Supplied material
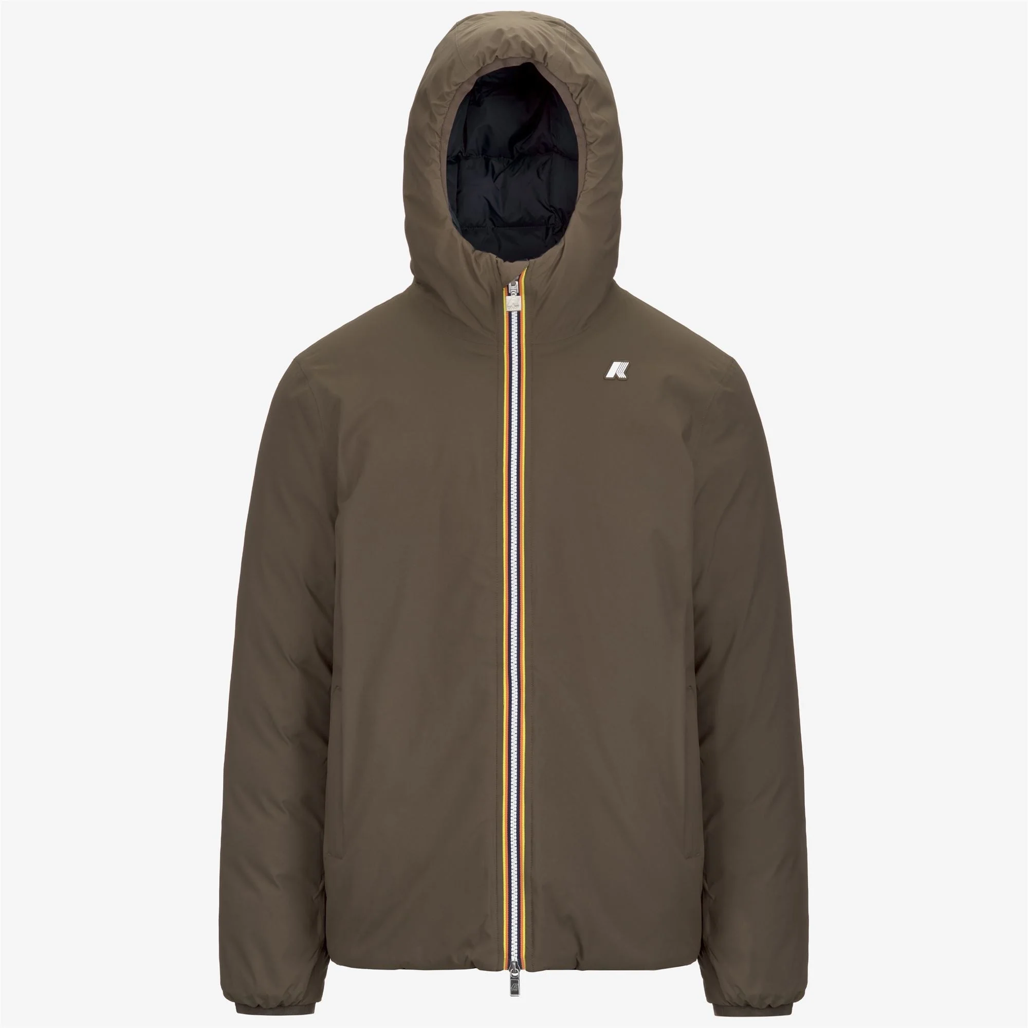 Brown Men's Reversible Short Jacket with Down Insulation Designed for extreme winter temperatures whilst being kind to the planet, the Jack men's short jacket is insulated with Down padding: a highly insulating recycled fibre. Its reversible design combines a smooth technical fabric side with a contrast quilted nylon reverse. Complete with a hood, pockets, zip fastening and storm flap, adding an ultra-functional touch for maximum protection from the cold. - Waterproof, water-repellent and windproof recycled nylon ottoman - Windproof and breathable quilted nylon with down filling - Down padding - Ultra-warm - Reversible - Heat-taped seams - Adjustable hood with elastic cords and stoppers - Zip fastening - Elasticated cuffs - 2 zip pockets - 2 snap button pockets - Slim fit - White silicone logo patch Features Description: Jackets, Short Gender: Man Season: Fall, Winter Composition External: 24% Poliuretane, 76% Recycled Polyester Lining: 100% Recycled Nylon Padding: 90% Duck Down, 10% Duck Feather Style: K8127WW - Color: ATV
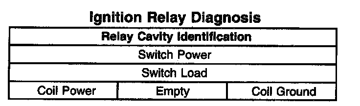 Use the relay cavity table in order to locate the correct cavities to probe during diagnosis. The table layout corresponds to the cavity layout of the relay block.
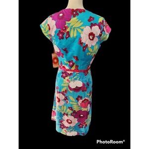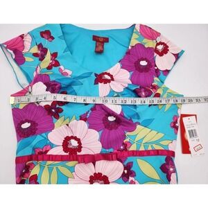 Sangria Womens Dress Size 12 Blue Floral V Neck Short Sleeve Side Zip Lined
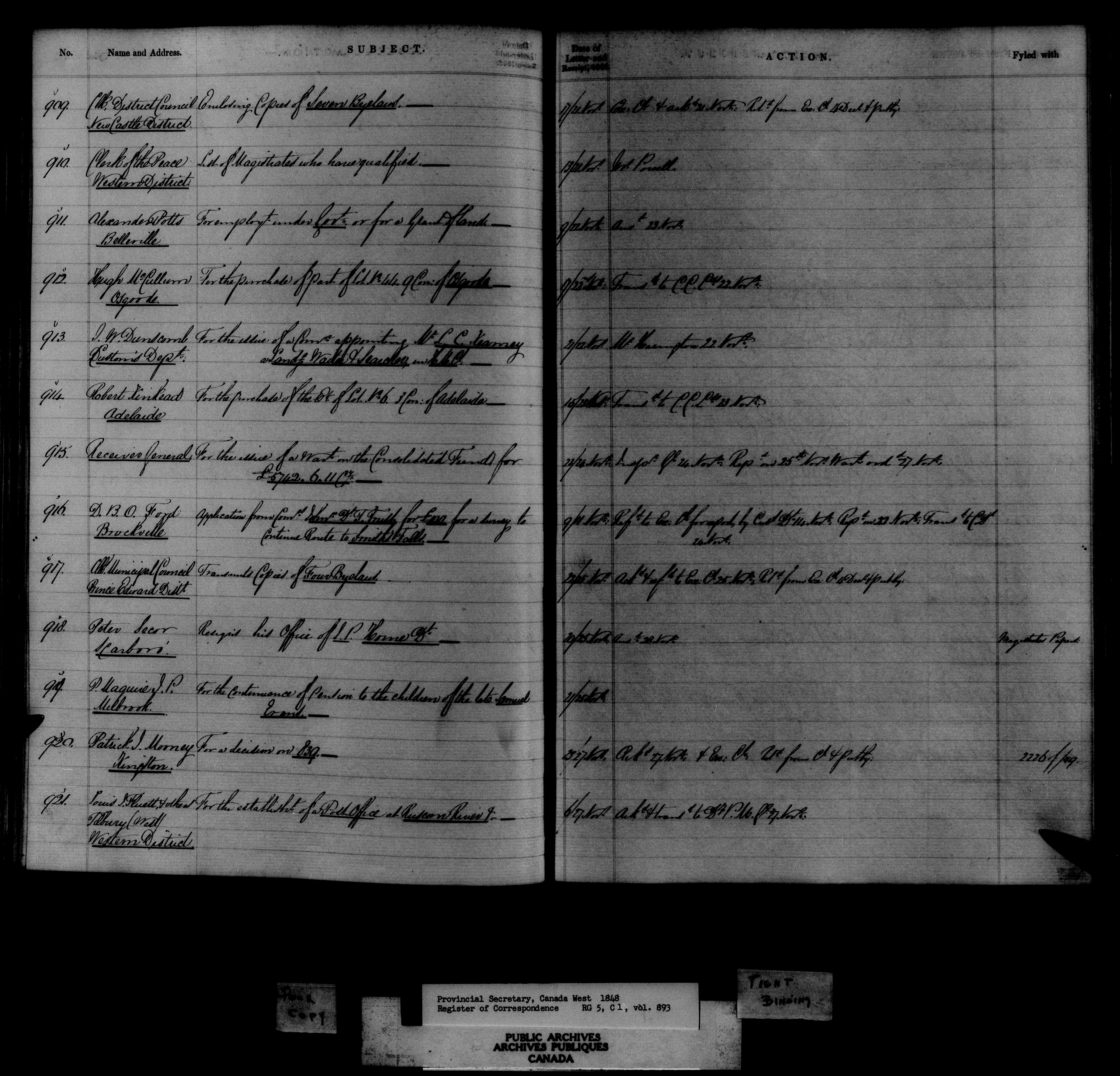 Registers and indexes to documents received by the Provincial Secretary for Canada West 1841-1867, together with some files of 1821-1841 - 10803
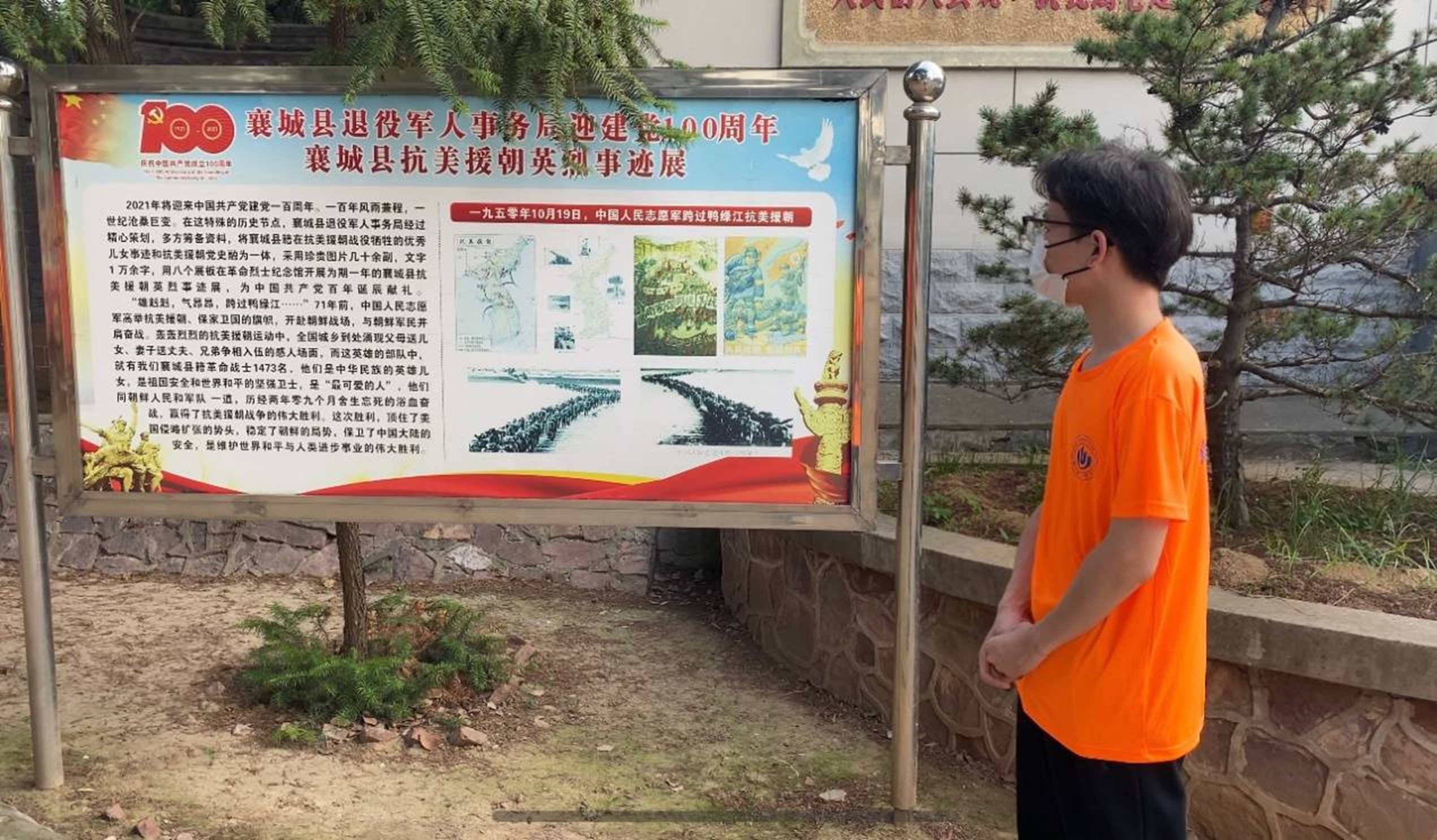 在革命烈士纪念馆西侧,屹立着印有襄城县抗美援朝英烈事迹的展板。“雄赳赳,气昂昂,跨过鸭绿江……”七十余年前,中国人民志愿军高举抗美援朝、保家卫国的旗帜,开赴朝鲜战场,与朝鲜军民并肩奋战。轰轰烈烈的抗美援朝运动中,全国城乡到处涌现父母送儿女、妻子送丈夫、兄弟争相入伍的感人场面,而这英雄的部队中,就有襄城县籍革命战士1473名,他们是中华民族的英雄儿女,是祖国安全和世界和平的坚强卫士,是“最可爱的人”,他们同朝鲜人民和军队一道,历经两年零九个月舍生忘死的浴血奋战,赢得了抗美援朝战争的伟大胜利。这次胜利,顶住了美国侵略扩张的势头、稳定了朝鲜的局势,保卫了中国的安全,是维护世界和平与人类进步事业的伟大胜利。
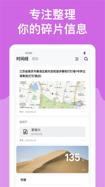 提供便签、清单、图片、倒数日、纪念日、心情、链接、地址等14种类型
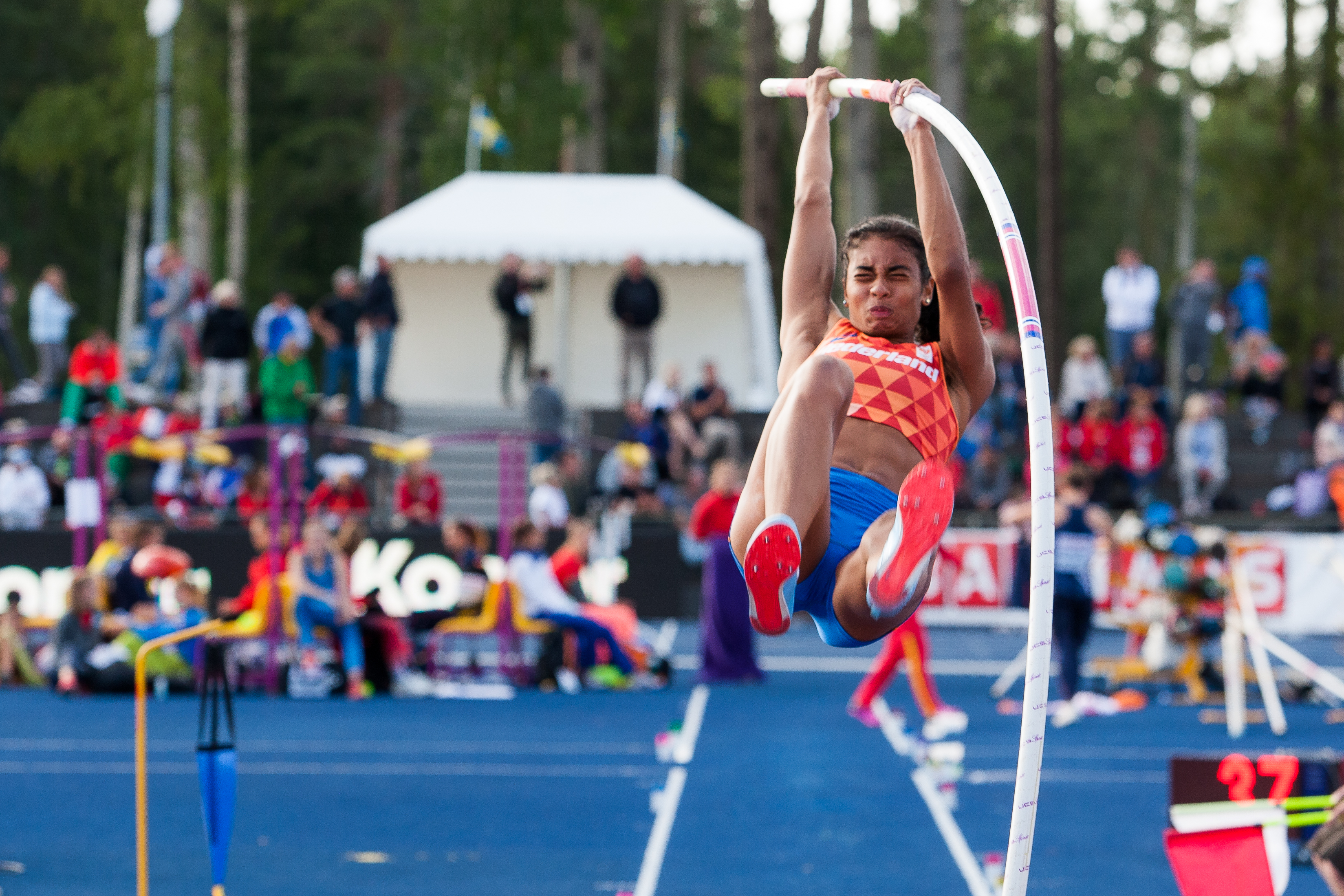 Een zure 4e plek was er op dag twee voor Emma Oosterwegel. Oosterwegel begon als zesde aan de tweede dag van haar zevenkamp. Een degelijke 5.86 meter met verspringen werd opgevolgd door een fantastische worp met de speer. Oosterwegel klom met een afstand van 52.04 meter naar plaats drie in de rankschikking. Tijdens de afsluitende 800 meter werd het alles of niets voor Oosterwegel. Met 2:12.68 liep ze nog een fantastisch pr tijdens het afsluitende onderdeel maar kwam helaas net tekort voor een medaille. De Belgische Hanne Maudens trok aan het langste eind en won het brons. "Ik kan mezelf niks verwijten. Ik was voor de race behoorlijk vermoeid door de afgelopen twee dagen, maar dat gold voor iedereen. Het ging vanaf het begin erg hard en ik heb er alles uit proberen te halen. Ik kan niet ontevreden zijn met deze twee dagen, zeker gezien de met momenten zware omstandigheden"
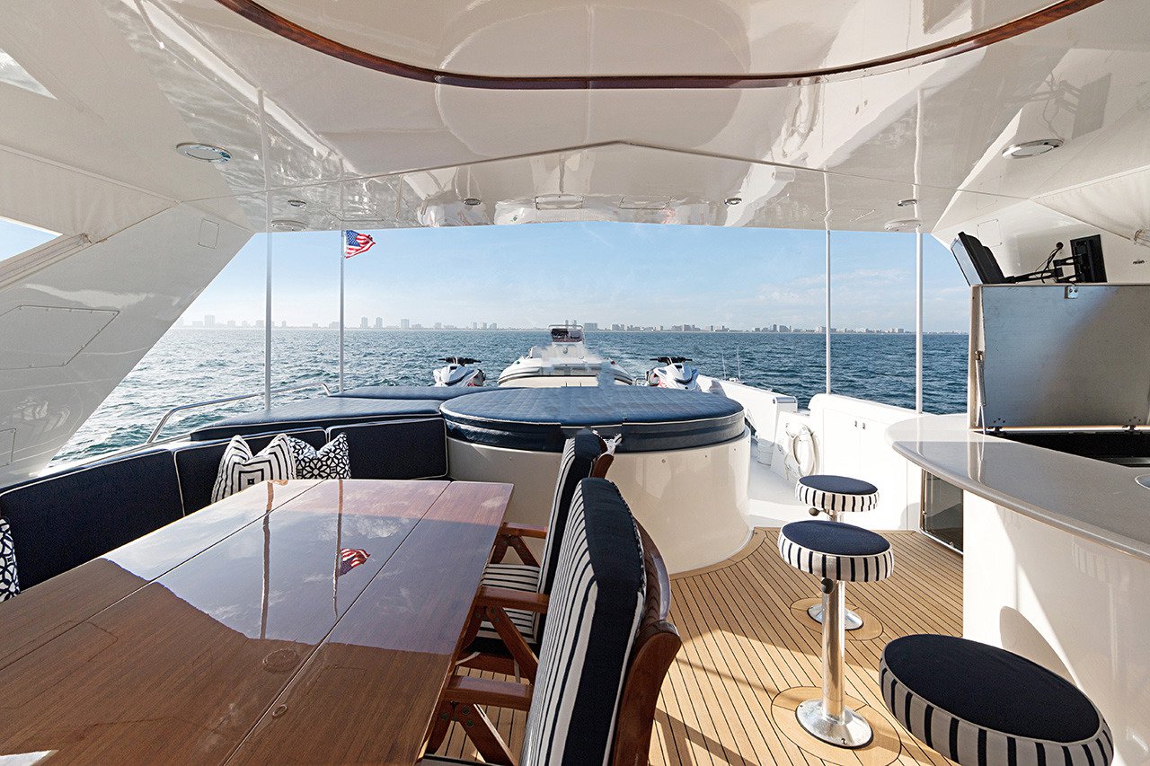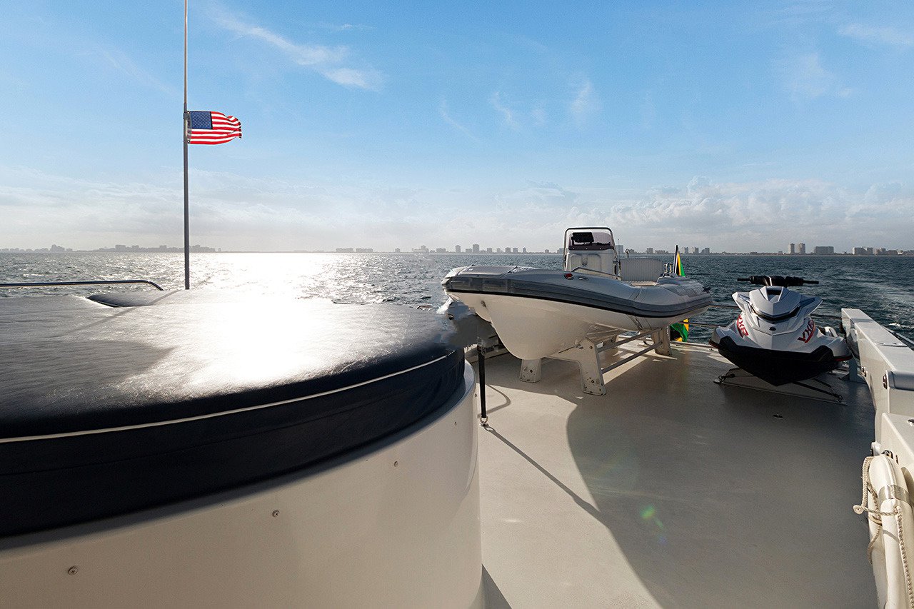 Refit/Maintenance Details: Tenders & Toys: Tenders 2010 36' Invincible with triple 900 HP engines 1 4.3m Zar inflatable with Evinrude 90hp outboard Water Sports 2 Yamaha VXR waverunners 1 Wakeboard 1 Kneeboard 2 Adult Inflatable SUP’s 2 Junior Inflatable SUP’s 1 Tow Tube 1 Fiesta Party Island Inflatable twin Jet ski dock swim platform extension Ample Snorkeling sets for all guests and children Inflatable water slide Beach Setup 2 10x10 Canopy’s 8 Collapsable Chairs 2 Collapsible Love seats 2 24x48 folding Tables volleyball, football, soccer ball Fishing 2 LP S-1200 Electric Reel/Rod combo 2 TLD 50 2 speed Reel/Rod Combo 4 TLD 25 Reel/Rod Combo Ample fishing tackle Yeti 250 and 65 Coolers

To do
Write out exactly the lines above between the one with "Use the relay" and the one with "Registers and indexes", inclusive, with pictures left out.

Task solution
 Use the relay cavity table in order to locate the correct cavities to probe during diagnosis. The table layout corresponds to the cavity layout of the relay block.
 Sangria Womens Dress Size 12 Blue Floral V Neck Short Sleeve Side Zip Lined
 Registers and indexes to documents received by the Provincial Secretary for Canada West 1841-1867, together with some files of 1821-1841 - 10803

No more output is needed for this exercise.